* **Task details**
Below is a listing. Return the lines from the one that contains "Interior plastificado. Compartimento" to the one that contains "不僅操作靈巧、動力強(qiá", both ends included, verbatim and with no pictures.

* **Material for this exercise**

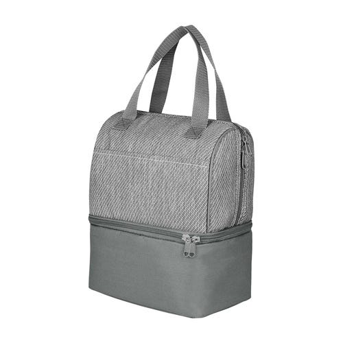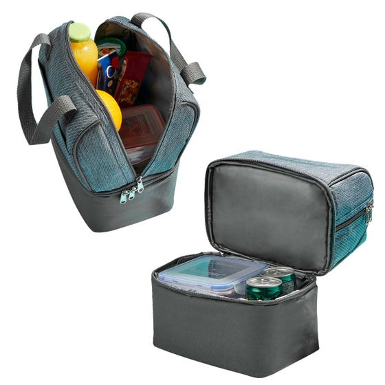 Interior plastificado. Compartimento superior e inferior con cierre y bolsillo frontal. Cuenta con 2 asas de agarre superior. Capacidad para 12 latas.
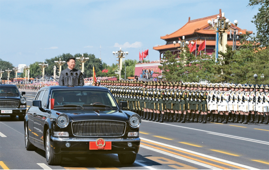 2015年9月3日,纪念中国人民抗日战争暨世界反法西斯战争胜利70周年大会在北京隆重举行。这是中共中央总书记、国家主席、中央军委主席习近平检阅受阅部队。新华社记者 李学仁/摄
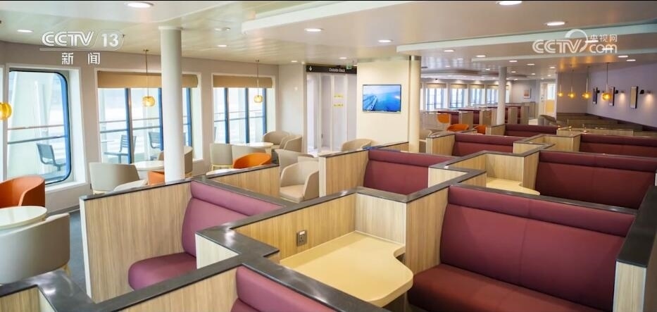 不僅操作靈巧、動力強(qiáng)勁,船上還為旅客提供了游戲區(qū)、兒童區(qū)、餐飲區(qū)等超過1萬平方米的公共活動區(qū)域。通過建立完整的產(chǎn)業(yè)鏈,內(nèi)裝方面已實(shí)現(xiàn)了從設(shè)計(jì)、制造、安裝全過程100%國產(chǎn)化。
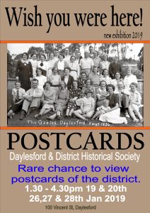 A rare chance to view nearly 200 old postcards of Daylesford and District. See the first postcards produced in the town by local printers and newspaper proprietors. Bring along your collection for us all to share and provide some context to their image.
...
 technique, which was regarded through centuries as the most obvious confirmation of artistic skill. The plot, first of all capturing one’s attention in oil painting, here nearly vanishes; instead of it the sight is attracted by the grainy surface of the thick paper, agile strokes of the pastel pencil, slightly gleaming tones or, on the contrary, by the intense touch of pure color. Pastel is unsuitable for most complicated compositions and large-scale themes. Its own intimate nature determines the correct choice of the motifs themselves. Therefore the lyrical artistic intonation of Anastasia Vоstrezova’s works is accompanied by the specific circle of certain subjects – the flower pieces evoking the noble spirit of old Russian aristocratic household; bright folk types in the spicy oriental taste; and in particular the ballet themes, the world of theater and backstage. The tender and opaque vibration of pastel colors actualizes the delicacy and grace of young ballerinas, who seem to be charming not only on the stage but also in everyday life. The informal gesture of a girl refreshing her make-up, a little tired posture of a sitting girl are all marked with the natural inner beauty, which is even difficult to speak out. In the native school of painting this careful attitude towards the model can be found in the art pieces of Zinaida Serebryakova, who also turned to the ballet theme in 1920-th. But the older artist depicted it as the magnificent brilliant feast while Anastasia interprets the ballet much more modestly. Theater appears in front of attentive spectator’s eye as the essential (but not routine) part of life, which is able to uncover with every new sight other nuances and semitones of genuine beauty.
--
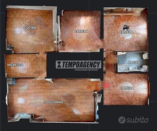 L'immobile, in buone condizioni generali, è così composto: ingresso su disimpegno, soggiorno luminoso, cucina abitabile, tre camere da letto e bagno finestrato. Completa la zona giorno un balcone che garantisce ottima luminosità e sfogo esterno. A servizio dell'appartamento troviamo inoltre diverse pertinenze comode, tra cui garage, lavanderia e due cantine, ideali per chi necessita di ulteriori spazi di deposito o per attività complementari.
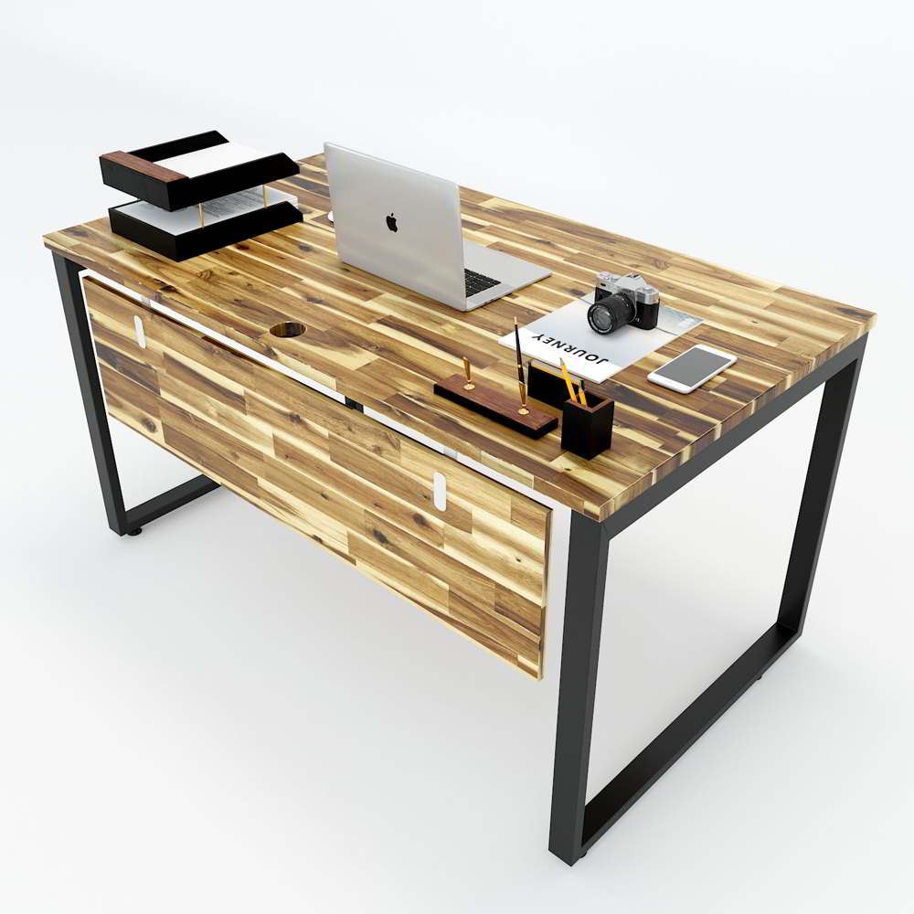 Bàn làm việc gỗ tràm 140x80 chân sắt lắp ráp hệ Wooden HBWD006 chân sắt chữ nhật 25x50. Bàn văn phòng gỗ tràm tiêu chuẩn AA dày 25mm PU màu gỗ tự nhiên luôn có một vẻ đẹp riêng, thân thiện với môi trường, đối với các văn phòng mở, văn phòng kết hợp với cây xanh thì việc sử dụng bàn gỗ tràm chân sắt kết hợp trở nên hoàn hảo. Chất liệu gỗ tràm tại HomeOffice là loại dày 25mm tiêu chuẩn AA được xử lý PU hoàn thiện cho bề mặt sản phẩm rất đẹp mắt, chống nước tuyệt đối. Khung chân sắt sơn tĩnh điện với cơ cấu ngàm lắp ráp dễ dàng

* **Final answer**
 Interior plastificado. Compartimento superior e inferior con cierre y bolsillo frontal. Cuenta con 2 asas de agarre superior. Capacidad para 12 latas.
 2015年9月3日,纪念中国人民抗日战争暨世界反法西斯战争胜利70周年大会在北京隆重举行。这是中共中央总书记、国家主席、中央军委主席习近平检阅受阅部队。新华社记者 李学仁/摄
 不僅操作靈巧、動力強(qiáng)勁,船上還為旅客提供了游戲區(qū)、兒童區(qū)、餐飲區(qū)等超過1萬平方米的公共活動區(qū)域。通過建立完整的產(chǎn)業(yè)鏈,內(nèi)裝方面已實(shí)現(xiàn)了從設(shè)計(jì)、制造、安裝全過程100%國產(chǎn)化。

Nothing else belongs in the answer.